Matsukawa, T .; et. al .: "Hierarchical Gaussian Descriptor for Person Re-Identification", 2016, ISBN: 978-1-4673-8851-1 (2016 IEEE Conference on Computer Vision and Pattern Recognition, CVPR). [0018]

Claims

A method of recognizing persons, comprising: • taking an image (1) of a person by means of a camera (2), • extracting individual image features from the image (1) and describing the image features using descriptors (7), • determining a descriptor spacing (8 ) between the descriptors (7) of the image (1) and known descriptors (7) of at least one known reference image (3) of a previously known image collection (4) by means of a previously known metric, and • outputting a probability value that the person on the reference image ( 3) determined from the descriptor distance (8) or a sequence of reference images (3) having an increasing descriptor distance (8) between the descriptor (7) of the image (1) and the respective prior art descriptor (7). the reference image (3), characterized in that • at least one image recording parameter of the camera (2) during recording of the image (1) with zumi ndest a corresponding picture-taking parameter during the recording of the reference picture (3) to determine a difference value between the picture-taking parameters, and • disregarding in the determination of the descriptor-spacing (8) those reference pictures (3) for which the difference value is greater than one predefined threshold is.

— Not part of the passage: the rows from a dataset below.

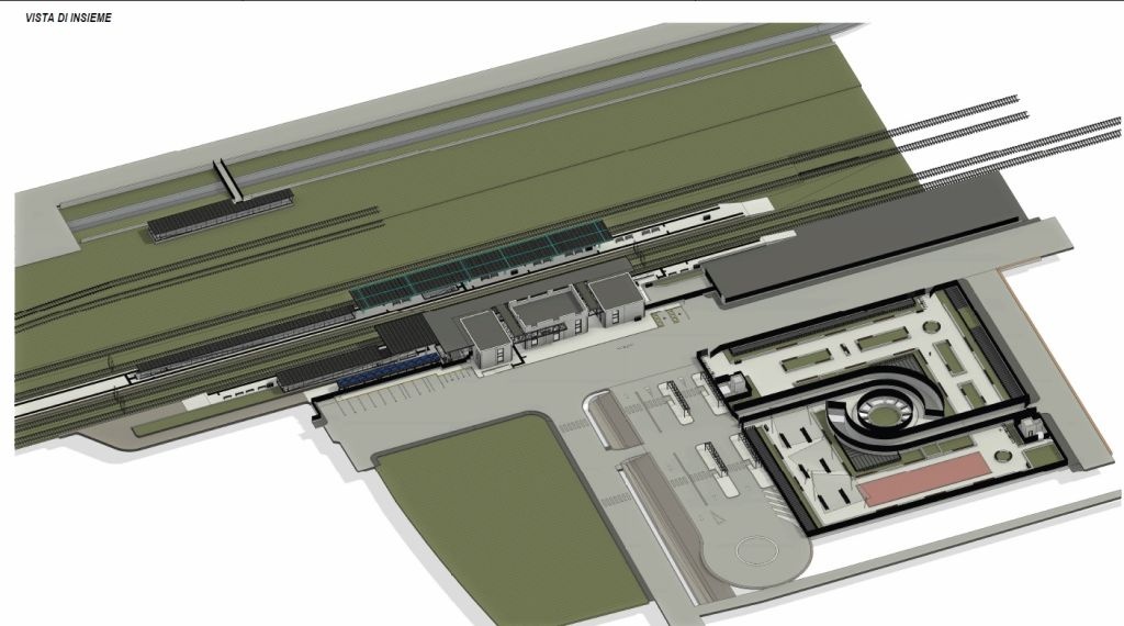 Il progetto prevede il potenziamento dei servizi di scambio intermodale attraverso la riqualificazione del piazzale antistante con la realizzazione di una stazione per bus, parcheggi per auto private, stalli per la ricarica delle auto elettriche e stalli per bici. Previsto anche il potenziamento dell'illuminazione, della segnaletica e della videosorveglianza, in un'ottica di rafforzamento della sicurezza dell'area. L'accessibilità sarà garantita attraverso l'adeguamento dei marciapiedi, la realizzazione di una stazione ciclo-pedonale con percorsi per ipovedenti. Previsto anche il rifacimento del sottopasso esistente con il prolungamento dello stesso e la realizzazione di rampe volte all'abbattimento delle barriere architettoniche. L'area esterna sarà adibita a parco urbano, attrezzata con panchine, aiuole, alberature, un parco giochi per bambini e tensostrutture per garantire l'ombreggiamento e la protezione dagli agenti atmosferici.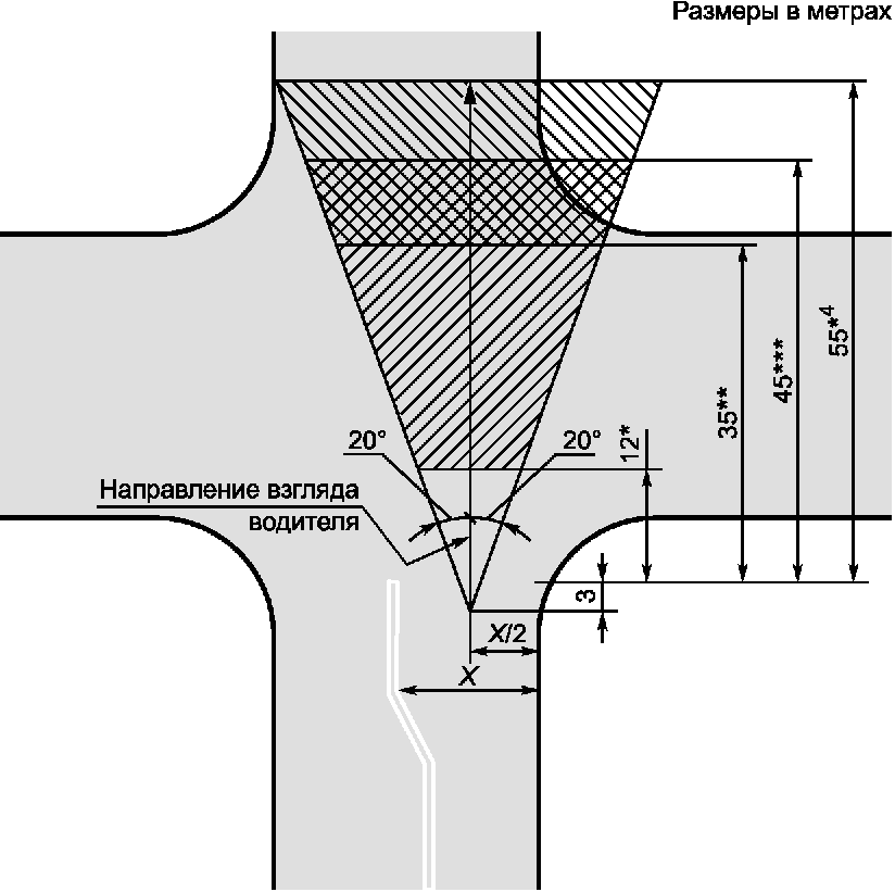 (рисунок Д.1). Расположение водителя принимается на центре проезжей части (при числе полос движения не более двух) или каждой полосы движения соответствующего направления, на расстоянии 3 м до стоп-линии.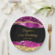 Cette plaque de fête d'anniversaire élégante et séduisante présente des larmes de glamour violet et or faux parties scintillant sur un arrière - plan noir. Le texte combine écriture manuscrite et polices sans serif modernes pour un look élégant et sophistiqué.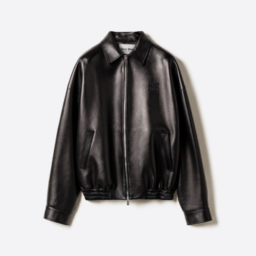 스탠드업 칼라와 자수 로고가 있는 Miu Miu 가죽 재킷 > ★ Outer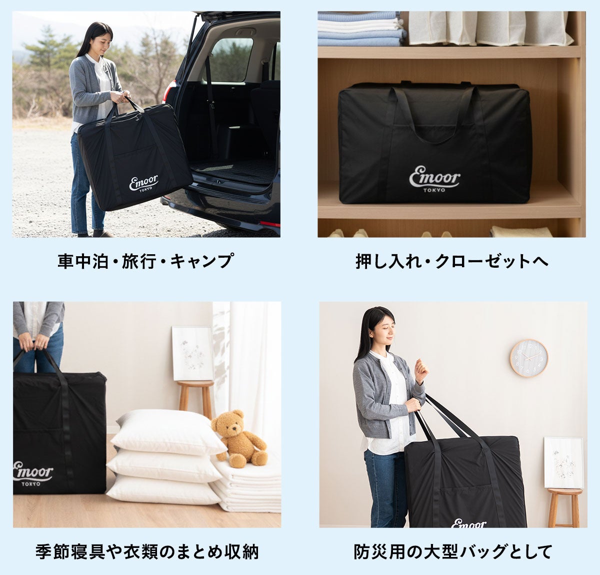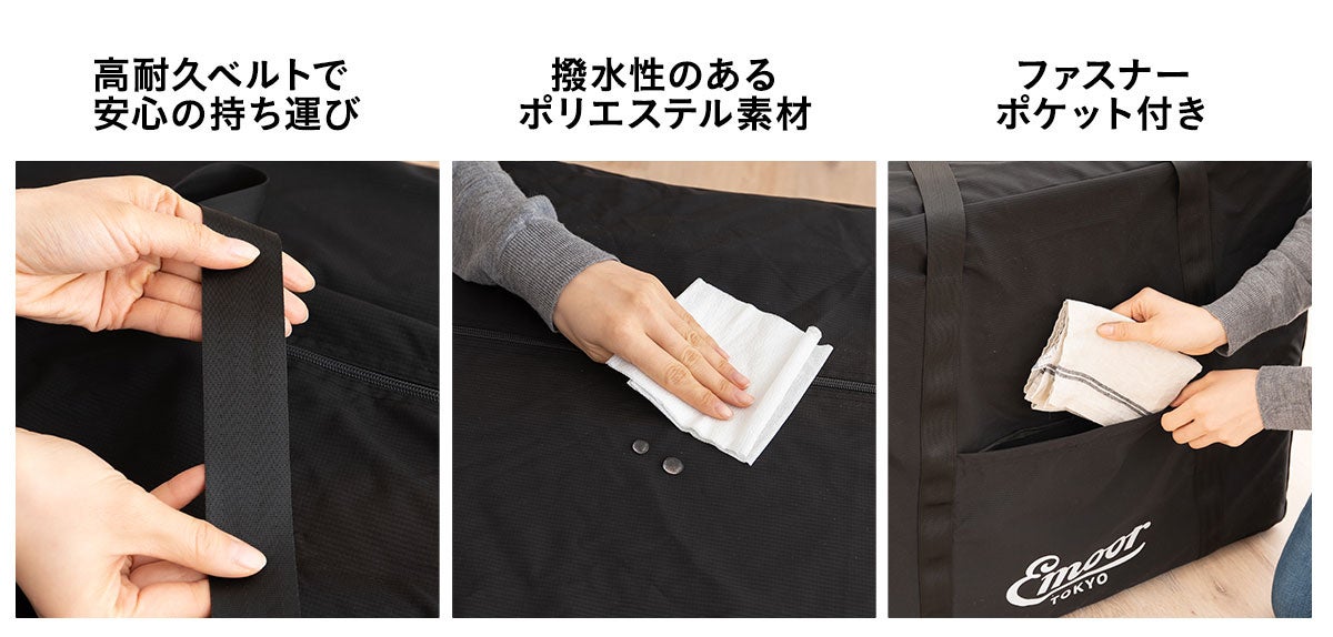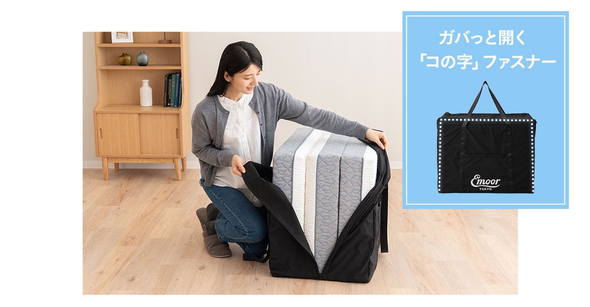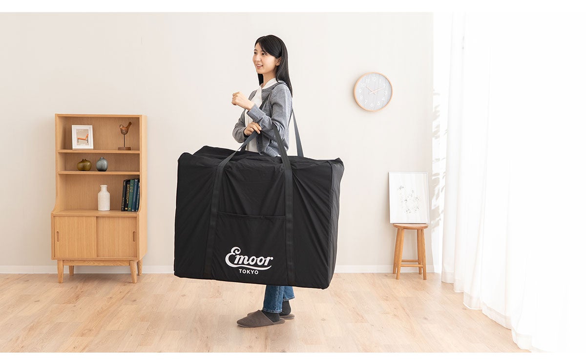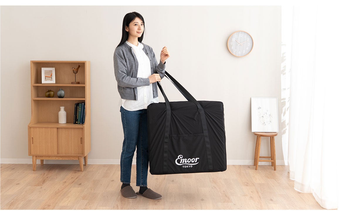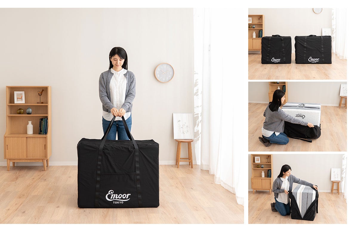 コンパクトサイズの豊富なマットレスを開発する寝具ブランドEMOOR(エムール)から、収納と持ち運びを考えた「ごろ寝マットレス用収納バッグ」が新登場。収納も移動もスマートに。

Method according to Claim 1 , characterized in that the metric is varied in dependence of the difference value.

Method according to one of the preceding claims, characterized in that it is recognized from the image acquisition parameters of the camera (2) that a camera control for adjusting the image acquisition parameters was active when the image (1) was taken, wherein instead of the probability value or the order a message is issued that recognition of persons with the image (1) is not possible.

Method according to one of the preceding claims, characterized in that the description of the image features of the image (1) is varied based on the difference value.

Method according to one of the preceding claims, characterized in that the image (1) is output together with the reference image (3) if the difference value exceeds the threshold value.

Method according to one of the preceding claims, characterized in that the image acquisition parameter comprises an exposure time and / or a white balance and / or a dynamic compression and / or a signal amplification and / or an aperture.

Method according to one of the preceding claims, characterized in that the metric and / or the threshold value are optimized by a system with methods of artificial intelligence, in particular by self-learning algorithms.

Method according to Claim 5 , characterized in that a manual input is read, whether the output reference image (3) and the output image (1) show the same person, wherein the metric and / or the threshold value by a system with methods of artificial intelligence, in particular by self-learning algorithms , are optimized by means of manual input.

Computer program adapted to carry out the method according to one of the preceding claims.

Machine-readable storage medium on which the computer program is based Claim 9 is stored.

System (5) comprising a camera (2) and a control unit (6) connected to the camera (2) for signal transmission, wherein the control unit (6) is set up, the method according to one of Claims 1 to 8th perform.